Sospecho de ellas, y de las leyes que intentan definir lo que es legal o no decir del pasado. Entiendo el impulso tras esas leyes, especialmente en Alemania. Pero conducen a un lugar insostenible. Un país criminaliza un tipo de discusión y otro otro, y países más autoritarios criminalizarán distintos tipos de debate según esa lógica. En Rusia puedes cometer un delito por decir en internet algo equivocado sobre la Segunda Guerra Mundial. Pero las autoridades dicen: hacemos lo mismo que Occidente. Así que tomo una posición más bien anglosajona. Si quieres ganar el debate tienes que apoyar la historia y enseñarla. La convicción no debe venir de prohibir cosas.
Uno de sus libros más importantes es Tierras de sangre.

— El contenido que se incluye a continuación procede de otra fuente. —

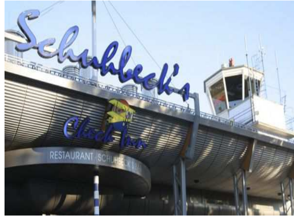
Restaurant Schuhbeck's Check Inn Flugplatz Egelsbach
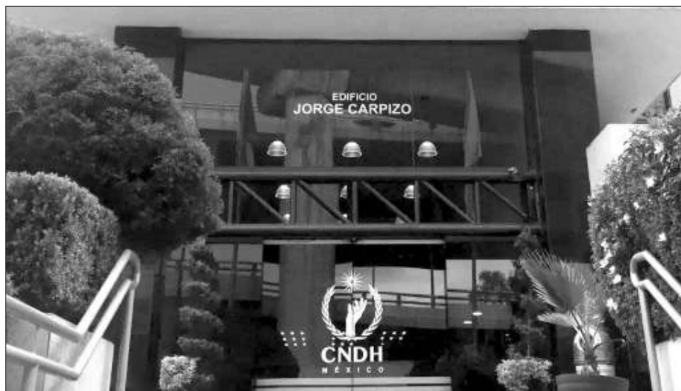
▲ La Comisión Nacional de Derechos Humanos apuntó a través de un comunicado que esas acciones “son argucias que siempre han utilizado y por eso su empeño en manipular a la CNDH y sumarla a sus cálculos”.

Ello equivaldría a dejar en manos del poder judicial el destino de la nueva legislación. “Son argucias que siempre han utilizado y por eso su empeño en manipular a la CNDH y sumarla a sus cálculos”,
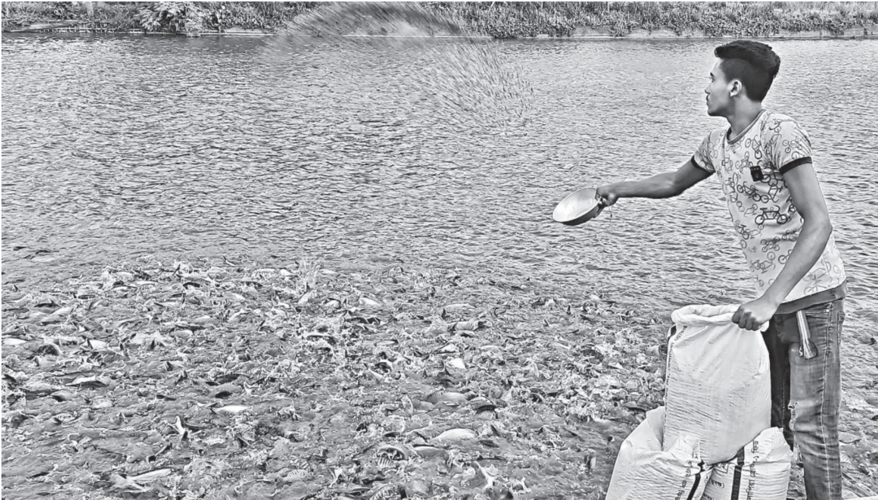
Hundreds of farmed fish gather near the bank and jump out of the water as a farmer throws food into the waterbody. He cultivates cultures of rui, katla, pangash and tilapia in this reservoir. This photo was taken in Khulna's Dumuria upazila recently.
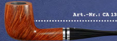
Art.-Nr.: CA 133
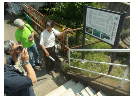
都市資源説明板・案内板の設置
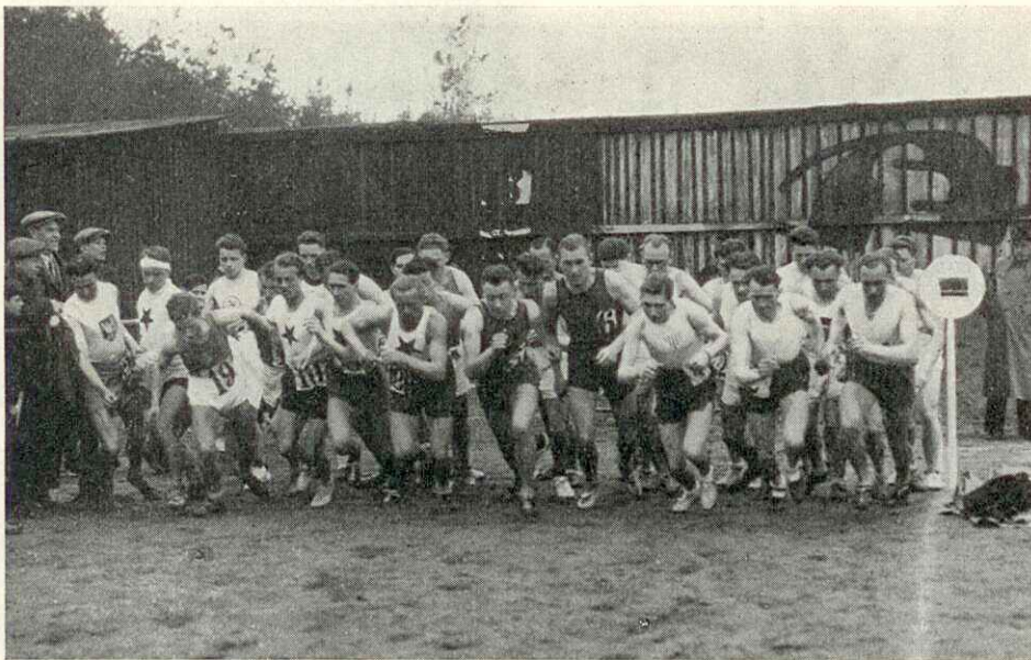
Start k Drozdovu lesnímu běhu

1.500 m se Drozdovi zdařil, avšak čas 4.04.8 min. nemohl být pro malý počet měřičů uznán. Byl by to čas, který značí i dnes světovou třídu.
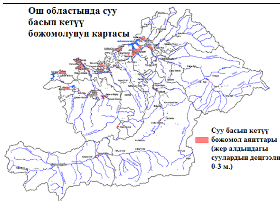
1-сүрөт. Суу коркунучунун картасынын мисалы [4].

«Табигый сууларды өзүн-өзү тазалоо» түшүнүгү бул маселе боюнча бир пикирге келмейинче, адабияттарда эки ача мааниде чечмеленет. Эң кеңири таралган идея суунун булганганга чейинки суу объектисине мүнөздүү болгон абалына суунун сапатын калыбына келтирүүгө алып келген физикалык, химиялык жана биологиялык процесстердин жыйындысы катары өзүн-өзү тазалоо жөндөмдүүлүгү жөнүндө.
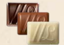
DUETTO Ganache au chocolat noir à la fraise et vinaigre balsamique ou au chocolat au lait, crème de nougat et graines de sésame ou au chocolat noir yuzu et saveur fruit du dragon

Ces chocolats ne représentent qu'une partie de notre offre.
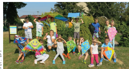
FOT. SP 1

Dziękujemy rodzicom za trud włożony w pomoc przy wykonaniu latawców. Zapraszamy do wspólnej zabawy w przyszłym roku.
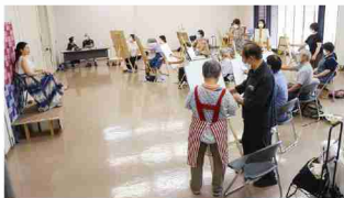
絵画講習会風景(2022年7月22日) 美術館講座室
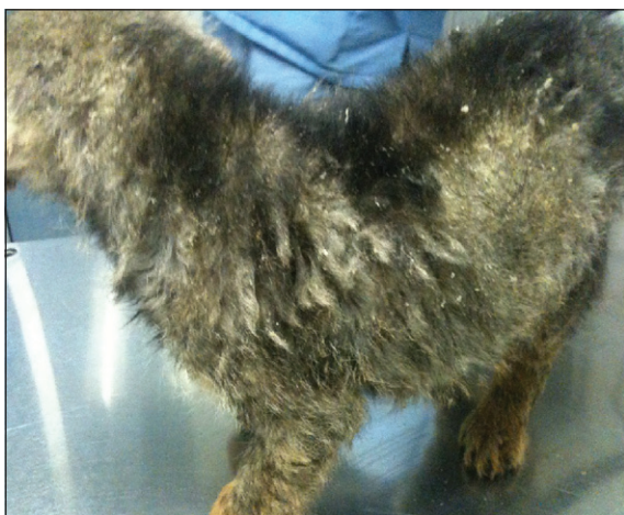
Figura 2. Descamación y alopecia del cuerpo del cachorro.
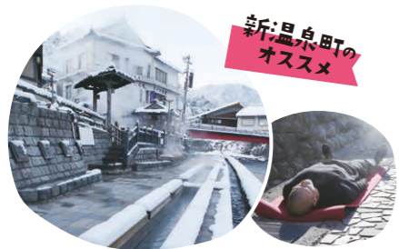
新温泉町のオススメ

わかさ氷ノ山スキー場 〒鳥取県八頭郡若桜町 つく米631-13 ☎0858-82-0512
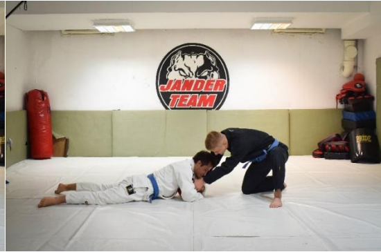
Slika 14. Otimanje lopte
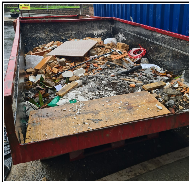
Figura 1: Caçamba para coleta de RCC em obra no município de Criciúma, SC

Neste contexto, infere-se que medidas para redução dos resíduos gerados no canteiro de obras com metragem inferior a 150 m 2 nem sempre ou até raramente são adotadas. Nas obras acima de 150 m 2 , embora a legislação estabeleça a necessidade de um PGRS, observações prévias indicaram que o principal objetivo da sua elaboração tem sido, principalmente, atender minimamente a legislação e evitar as sanções ambientais, mas sem vislumbrar a possível reutilização ou reciclagem destes resíduos.
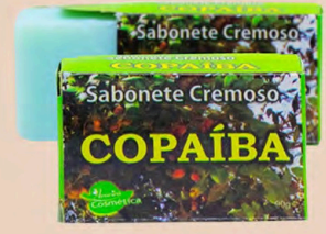
SABONETE CREMOSO COPAÍBA 90g
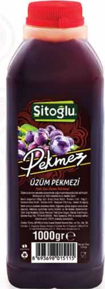
Plastik Bidon 1000 g 8693698015115
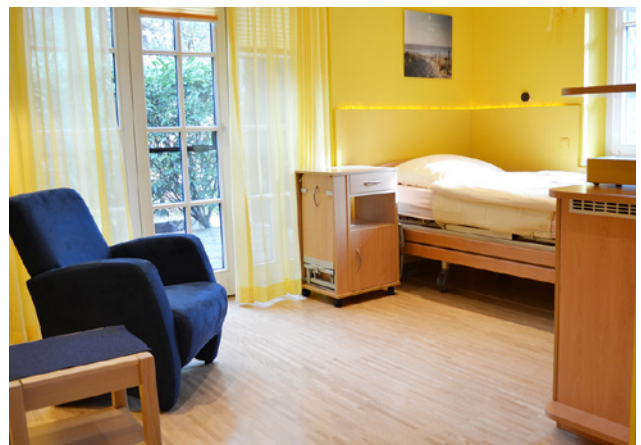
Zimmer für junge Erwachsene

Zwei der Kinderzimmer liegen ein wenig abseits in einem gesonderten Bereich. Im Gegensatz zu den anderen Zimmern sind diese beiden Räume speziell für junge Menschen vorbehalten, die aufgrund ihrer Erkrankung mit besonderen Hygienemaßnahmen versorgt werden müssen oder viel Ruhe benötigen. Ein Zimmer wird zudem für Kinder in der letzten Lebensphase freigehalten. Dieses ist durch eine interne Treppe mit dem darüber liegenden Elternzimmer verbunden. So ist ein enges Beieinander in dieser besonderen Lebenssituation jederzeit möglich, ohne die Treppen auf den Fluren nutzen zu müssen.
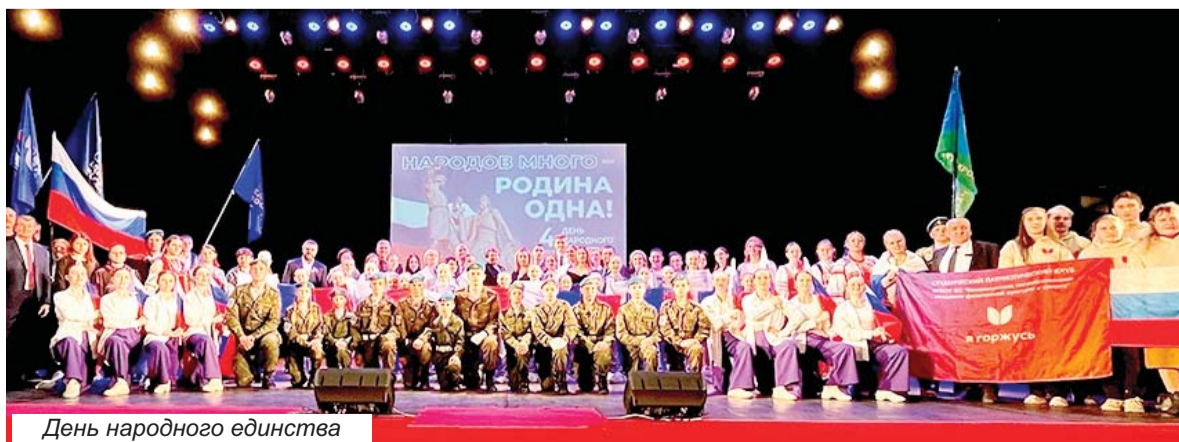
День народного единства
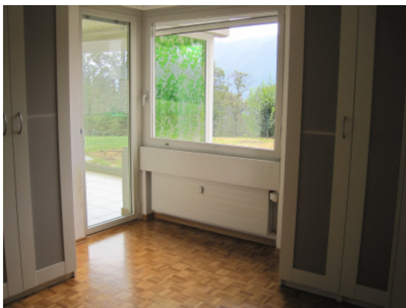
Elternschlafzimmer mit Direktzugang zum Wohnbereich und Wintergarten
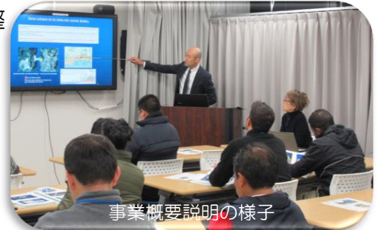
事業概要説明の様子

事業概要説明では、六甲山地で実施している砂防堰堤の整備等の土砂対策事業や、六甲山系グリーンベルト整備事業での取り組み、各事業での課題について説明しました。現地視察では、都市部に隣接している砂防堰堤や斜面对策を見てもらうことで砂防事業の重要性・必要性を実感いただき、エクアドルで必要とされる土砂災害に対する政策や対策技術について学びを得ていただくことが出来ました。
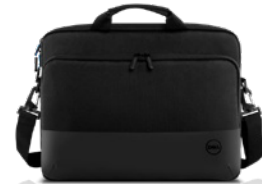
Dell Proスリム ブリーフケース15 | PO1520CS

最大65Whrの大容量の電力を迅速に供給できるモバイル バッテリーです。USB-C®に対応したノートPCやモバイル デバイスを充電できます。
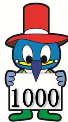
江東区民まつりマスコット コトトちゃん
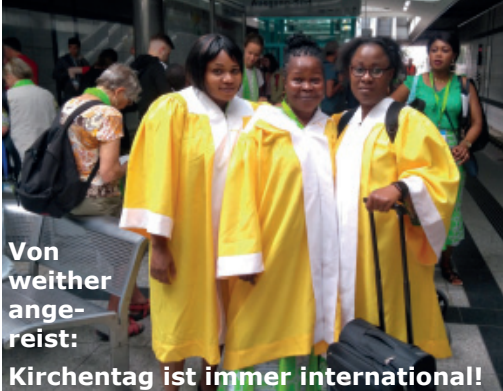
Von weither ange- reist: Kirchentag ist immer international!
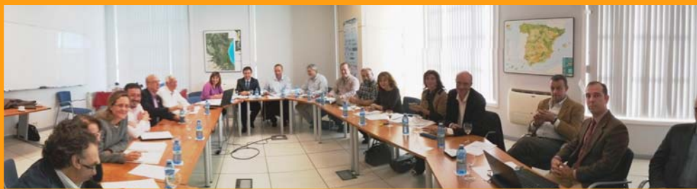
Miembros asistentes a la 20.ª Reunión de la CENG
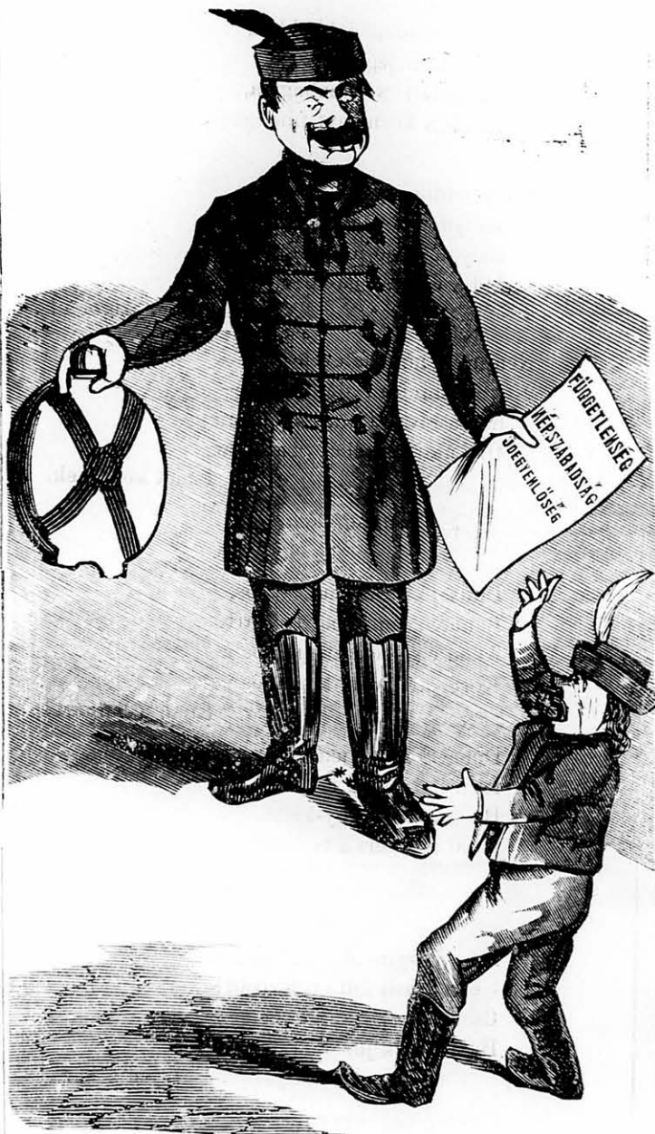
Választás előtt ígér mindent.
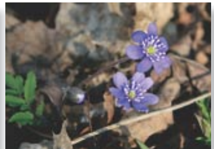
Vidutinė paros temperatūra -0,7°C. Vidutinis mėnesio kritulių kiekis 30–40 mm
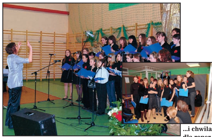
Jubileusz 85-lecia LO

Soy un historiador de Europa del este. Me di cuenta de que había un gran asunto en el centro de mi campo del que nadie hablaba: el asesinato de catorce millones de personas en Europa a mediados del siglo XX. Se escribía de eso solo desde perspectivas parciales. Los que escribían del Holocausto no escribían de otros crímenes alemanes; y desde luego no de los crímenes soviéticos que ocurrieron más o menos en el mismo territorio más o menos a la vez. Y los que escribían de los crímenes soviéticos en Polonia, Bielorrusia, Rusia, Ucrania o Lituania no hablaban de otros crímenes. Yo quería empezar desde otro sitio, desde el territorio. Era la historia del sufrimiento de los individuos y quería preguntarme si los crímenes estaban relacionados, y a veces lo estaban, y si la Alemania nazi y la Unión Soviética interactuaban: a veces lo hicieron y a veces no. Es la historia que ahora llaman transnacional o espacial. Me preocupaban las naciones y los Estados, pero adoptaba la perspectiva de un territorio. El territorio es muy importante, es donde se producen el Holocausto y muchos asesinatos nazis, y donde se producen muchas masacres soviéticas también. Era otra manera de contar los asesinatos masivos.
Usted es historiador pero en los últimos años ha asumido un papel de intelectual público. ¿No le preocupa que una actividad pueda eclipsar a la otra?
Cuando escribo historia y doy clase, intento no pensar en el presente. Cuando escribo artículos o doy conferencias sobre la política actual, la historia es algo que me puede ayudar. Pero en esos casos no hago trabajo histórico. La clave es que son dos actividades diferentes, con reglas distintas, y el riesgo es quedarte en medio y no ser una cosa ni otra. ~
Daniel Gascón (Zaragoza, 1981) es escritor y editor de Letras Libres. Su libro más reciente es 'El padre de tus hijos' (Literatura Random House, 2023).